▸ What you are asked to do
The required output is the exact run of lines from the one bearing "再用深咖色画在眼尾的地方,让" through the final line of the listing below, with the pictures removed.

▸ Input data
┌──
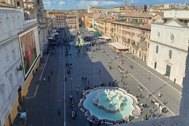 Visitare il Museo di Roma è come sfogliare l’album fotografico di famiglia. E non c’è momento migliore per questo rituale che il giorno del compleanno della capitale: il Natale di Roma che ricorre convenzionalmente il 21 aprile. Quest’anno si festeggiano i 2778 anni dalla fondazione. Guardando dipinti e fotografie monta pian piano quella nostalgia per Roma com’era. Già, ma come era Roma? Ce lo raccontano dipinti, reperti, plastici e fotografie raccolti nel palazzo Braschi , affacciato su Piazza Navona, sede del museo dagli anni ’50. Sala dopo sala al secondo piano le vedute della città eterna, le feste, i luoghi iconici si rincorrono sulle pareti e raccontano le forme di una città organismo vivente in perenne trasformazione. Mutamenti a cui è dedicato l’intero terzo piano dove le fotografie storiche di rioni scomparsi, scavi e cantieri, porti fluviali testimoniano le fasi dei lavori e dipingono il volto di una Roma sparita. Al secondo piano accoglie i visitatori John Staples nel ritratto realizzato da Pompeo Batoni. L’aristocratico irlandese – come tanti altri viaggiatori più o meno famosi – era a Roma nel 1773 per il Grand Tour. Il viaggio di formazione faceva perno specialmente in Italia e nella città di Roma, una tradizione riservata a ricchi nobili. Sarà lui la guida di questo ideale Grand Tour. A sinistra si accede agli Appartamenti Braschi riservati alla ritrattistica, ma è nelle sale a destra che la città emerge dai dipinti di vedute, momenti storici e della vita quotidiana. In queste sale vediamo una piazza del Popolo come la vedeva Caravaggio, piazza Navona senza la fontana dei Fiumi nel dipinto “Piazza Navona con il mercato” (entrambi datati sec XII, primo quarto), una Festa in maschera a Tor de’ Schiavi (Ippolito Caffi, 1844 circa). Non mancano visioni delle basiliche, degli obelischi e del Tevere.
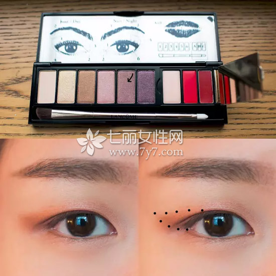 再用深咖色画在眼尾的地方,让眼睛看上去更有神和上扬。最后,用深紫色加在下外眼角靠近睫毛根部的位置,有放大眼睛的功效,微闪的质感也非常适合party。
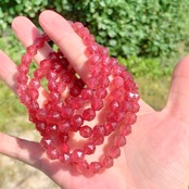水晶に真っ赤なマンガンエピドートが含まれたのストロベリークォーツ。女性にとっては最高の守り石の一つで、愛と美を象徴する石です。
└──
▸ Written response
 再用深咖色画在眼尾的地方,让眼睛看上去更有神和上扬。最后,用深紫色加在下外眼角靠近睫毛根部的位置,有放大眼睛的功效,微闪的质感也非常适合party。
水晶に真っ赤なマンガンエピドートが含まれたのストロベリークォーツ。女性にとっては最高の守り石の一つで、愛と美を象徴する石です。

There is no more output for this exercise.